3Skin White supremacist Bryon Widner (Jamie Bell), after being raised on a doctrine of hate within a skinhead camp, has a change of heart when he finds love with a single mother (Danielle Macdonald). Of course, putting a skinhead past behind you, especially when you’ve opted to tattoo your face with hate images, is not an easy thing. Writer-director Guy Nattiv, basing his film on the true story of Bryon Widnor, does a nice job of showing that redemption sometimes comes at a high price. Bell is great here as Widnor, as is Macdonald as the woman who manages to love him even though he’s a complete asshole. The film feels like a distant cousin of the Edward Norton starring American History X, although it doesn’t have near the artistry of that movie. Still, the movie is a solid story, well-acted, and proof that Bell is perhaps a bigger actor than his resume has revealed. Supporting cast includes Bill Camp as the leader of the skinhead camp, and Vera Farmiga as his nurturing yet classless and evil wife. Blink and you’ll miss a quick appearance by Mary Stuart Masterson as Agent Jackie Marks. She acts that part like she’s in a different movie, but it’s fun to see her all the same. (Available to stream during a limited theatrical release.)

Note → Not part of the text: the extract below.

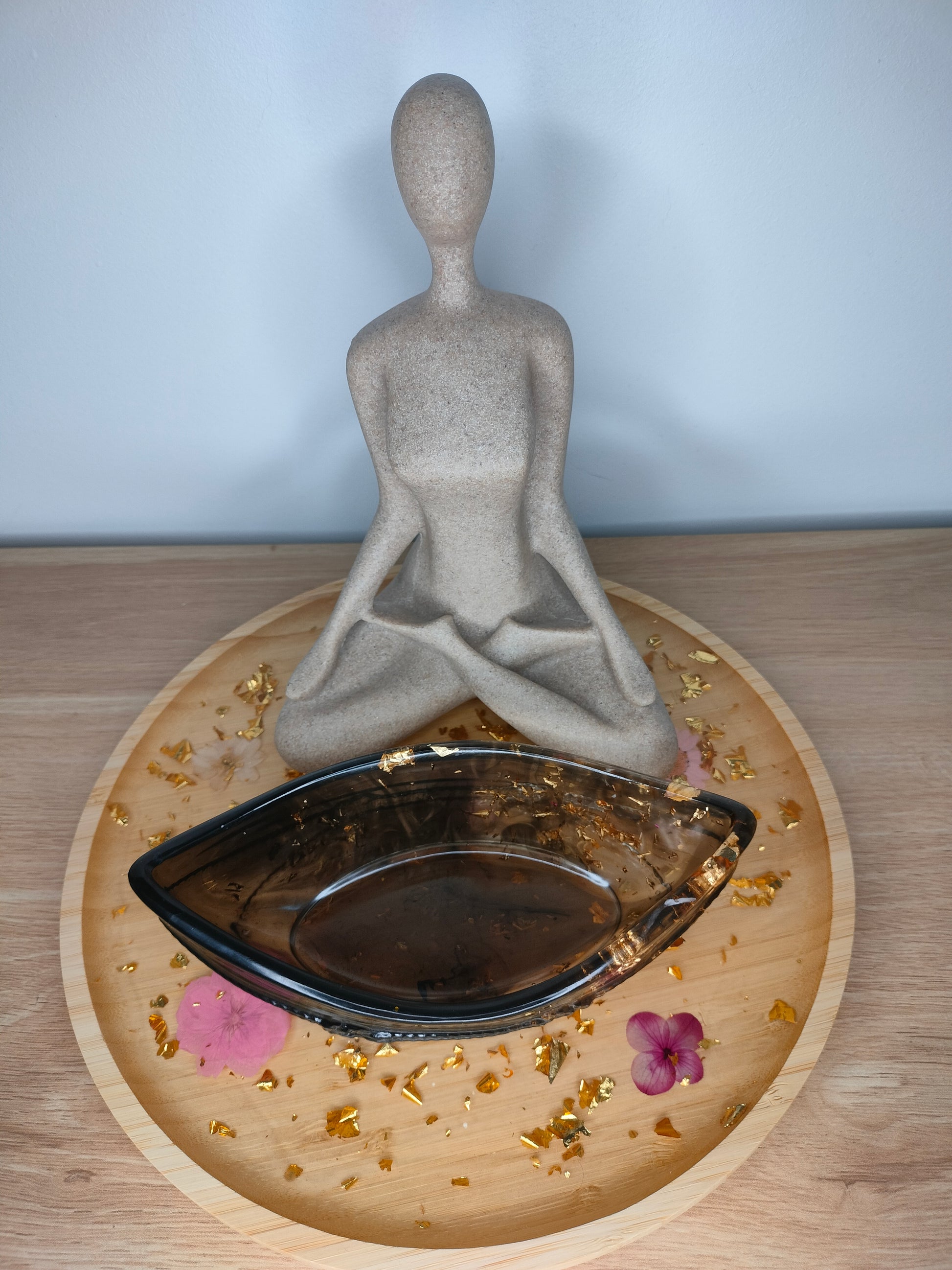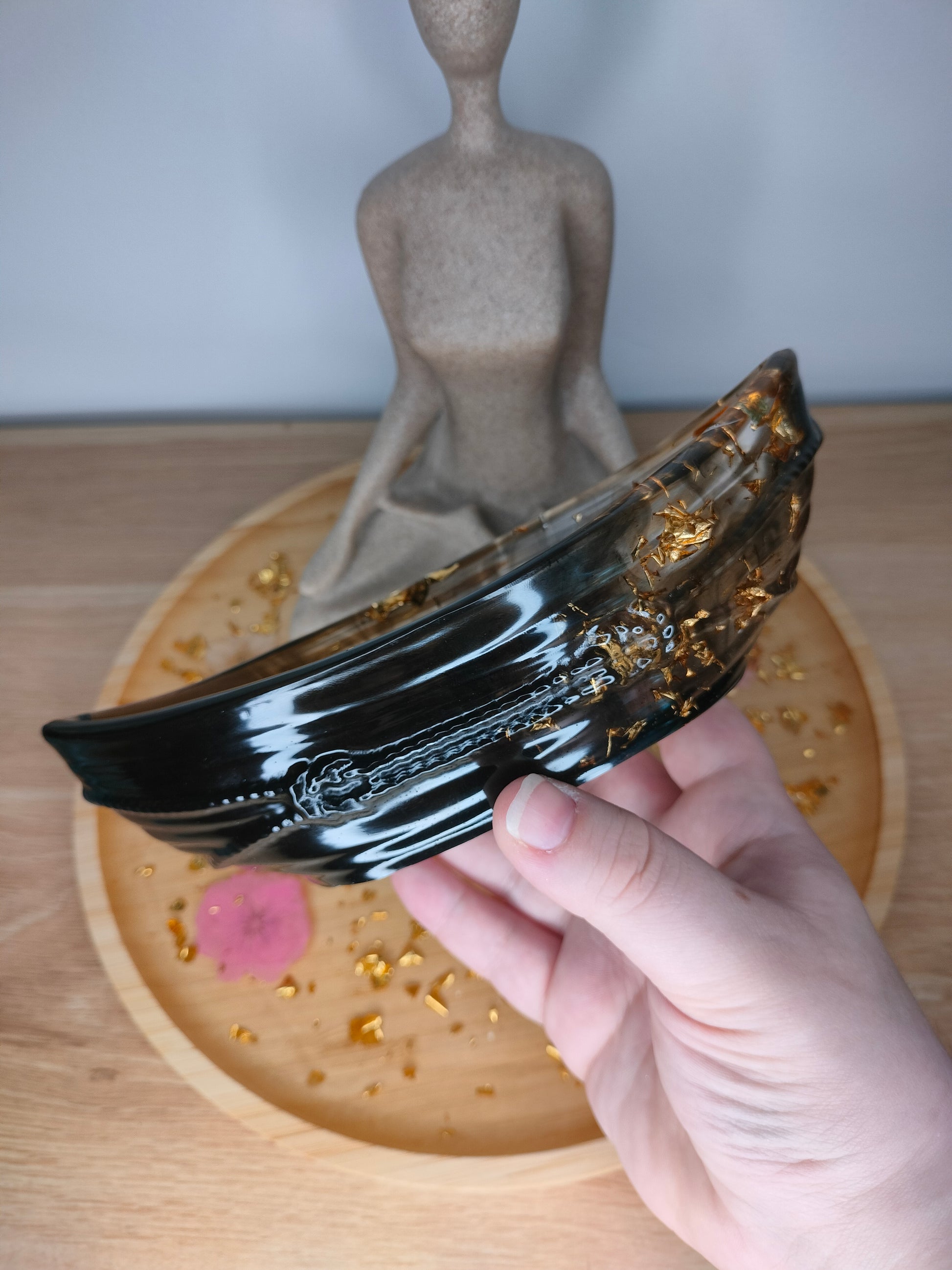 Vide-poches bateau effet marin noir et transparent avec des feuilles d'or

3Spider-Man: Far from Home Tom Holland cements his status as bestever Spider-Man with what amounts to the goofiest, but still major fun, Spider-Man movie yet. Jon Watts once again directs as Peter Parker looks to vacation with his friends after the events of Endgame, traveling to Europe and leaving his superhero responsibilities behind. When a strange breed of elemental monsters start striking the planet, Nick Fury (Samuel L. Jackson) interrupts Peter’s sojourn and gets him back into the swing of things. Jake Gyllenhaal gets into the shenanigans as Mysterio, a crime fighter from another dimension that slides right into the Tony Stark mentor role. Holland is good fun as Spidey, giving him a nice, youthful effervescence to go with his comic timing. Zendaya rules as MJ, Jon Favreau gets a lot more screen time—it’s a good thing!—as Happy, and the film doesn’t have nearly enough Marisa Tomei. It’s a bit lightheaded at times, but it’s the sort of breezy affair that the Marvel universe needed to get things revved up again. Hopefully, this is just the beginning for Holland and he has a bunch of these in his future, because he’s perfect for the role.